Provided material Block Start

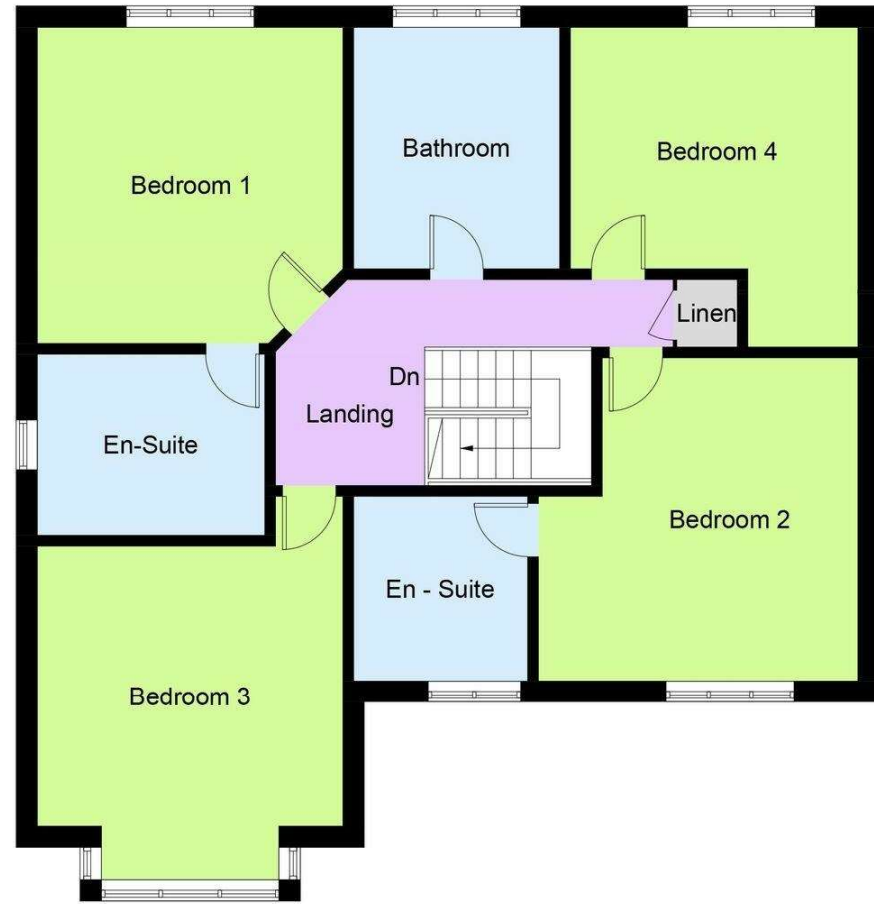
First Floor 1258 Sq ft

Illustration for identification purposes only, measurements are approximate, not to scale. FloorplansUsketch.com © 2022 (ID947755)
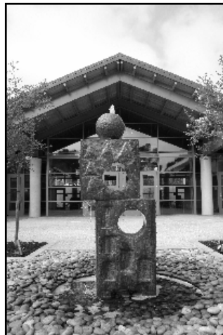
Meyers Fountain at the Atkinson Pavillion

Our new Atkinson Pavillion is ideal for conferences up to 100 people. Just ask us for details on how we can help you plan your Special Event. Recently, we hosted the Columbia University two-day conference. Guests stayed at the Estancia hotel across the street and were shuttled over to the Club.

Provided material Block End

▸ Your instructions: Set down the line containing "Illustration for identification" and every line after it up to the end of the material, exactly as written, but not the pictures.

▸ Task answer:
Illustration for identification purposes only, measurements are approximate, not to scale. FloorplansUsketch.com © 2022 (ID947755)
Meyers Fountain at the Atkinson Pavillion

Our new Atkinson Pavillion is ideal for conferences up to 100 people. Just ask us for details on how we can help you plan your Special Event. Recently, we hosted the Columbia University two-day conference. Guests stayed at the Estancia hotel across the street and were shuttled over to the Club.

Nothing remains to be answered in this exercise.